● **WORK REQUEST**: Starting at the line with "Generic - خطاف" and ending at the line with "PASNEW Black Yellow", print exactly the lines of the entries below. Pictures do not belong in the copy.

● **DATA FOR THIS EXERCISE**:

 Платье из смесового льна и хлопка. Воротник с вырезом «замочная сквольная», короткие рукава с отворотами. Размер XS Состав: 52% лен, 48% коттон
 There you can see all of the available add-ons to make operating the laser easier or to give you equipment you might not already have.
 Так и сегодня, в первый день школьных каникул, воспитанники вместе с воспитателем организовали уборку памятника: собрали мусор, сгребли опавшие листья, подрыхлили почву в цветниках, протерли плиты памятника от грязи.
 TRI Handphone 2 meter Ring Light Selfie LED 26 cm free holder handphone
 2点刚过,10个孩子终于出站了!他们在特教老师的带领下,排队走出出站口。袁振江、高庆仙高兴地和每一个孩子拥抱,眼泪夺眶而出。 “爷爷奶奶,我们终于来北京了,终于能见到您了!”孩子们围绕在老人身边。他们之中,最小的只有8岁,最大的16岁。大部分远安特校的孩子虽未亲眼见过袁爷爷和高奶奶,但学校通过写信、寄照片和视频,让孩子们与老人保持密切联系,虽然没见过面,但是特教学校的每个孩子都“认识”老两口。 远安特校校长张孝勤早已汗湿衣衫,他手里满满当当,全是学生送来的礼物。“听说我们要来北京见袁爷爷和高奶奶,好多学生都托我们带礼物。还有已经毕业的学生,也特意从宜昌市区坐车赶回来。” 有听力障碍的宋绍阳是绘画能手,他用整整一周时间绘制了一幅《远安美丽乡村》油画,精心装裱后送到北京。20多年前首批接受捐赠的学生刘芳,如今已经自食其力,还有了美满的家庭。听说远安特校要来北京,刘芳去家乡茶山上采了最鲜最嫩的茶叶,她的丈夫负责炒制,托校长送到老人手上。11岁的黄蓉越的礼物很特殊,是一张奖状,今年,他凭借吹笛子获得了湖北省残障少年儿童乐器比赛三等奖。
---
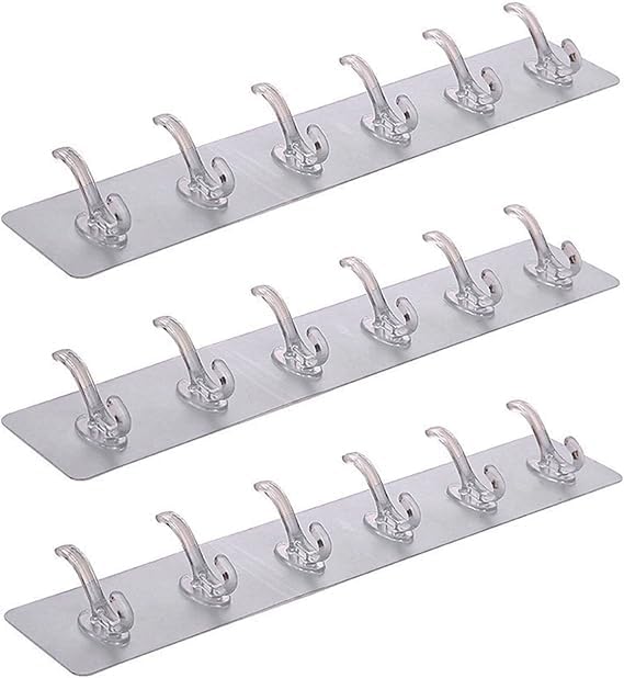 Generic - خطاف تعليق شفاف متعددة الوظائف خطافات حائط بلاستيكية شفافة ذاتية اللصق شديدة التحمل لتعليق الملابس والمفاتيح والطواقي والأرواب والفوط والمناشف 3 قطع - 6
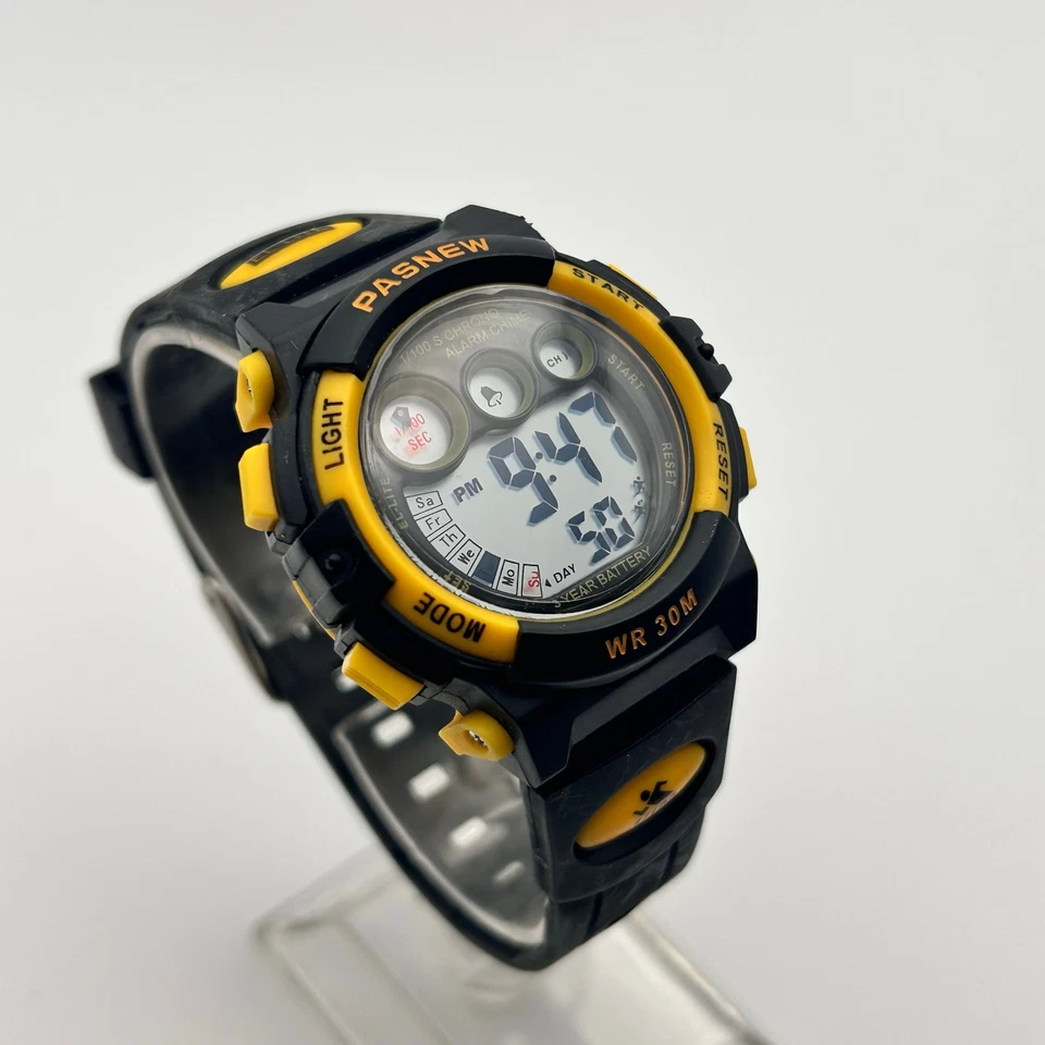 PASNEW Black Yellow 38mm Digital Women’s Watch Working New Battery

● **RESULT**:
 Generic - خطاف تعليق شفاف متعددة الوظائف خطافات حائط بلاستيكية شفافة ذاتية اللصق شديدة التحمل لتعليق الملابس والمفاتيح والطواقي والأرواب والفوط والمناشف 3 قطع - 6
 PASNEW Black Yellow 38mm Digital Women’s Watch Working New Battery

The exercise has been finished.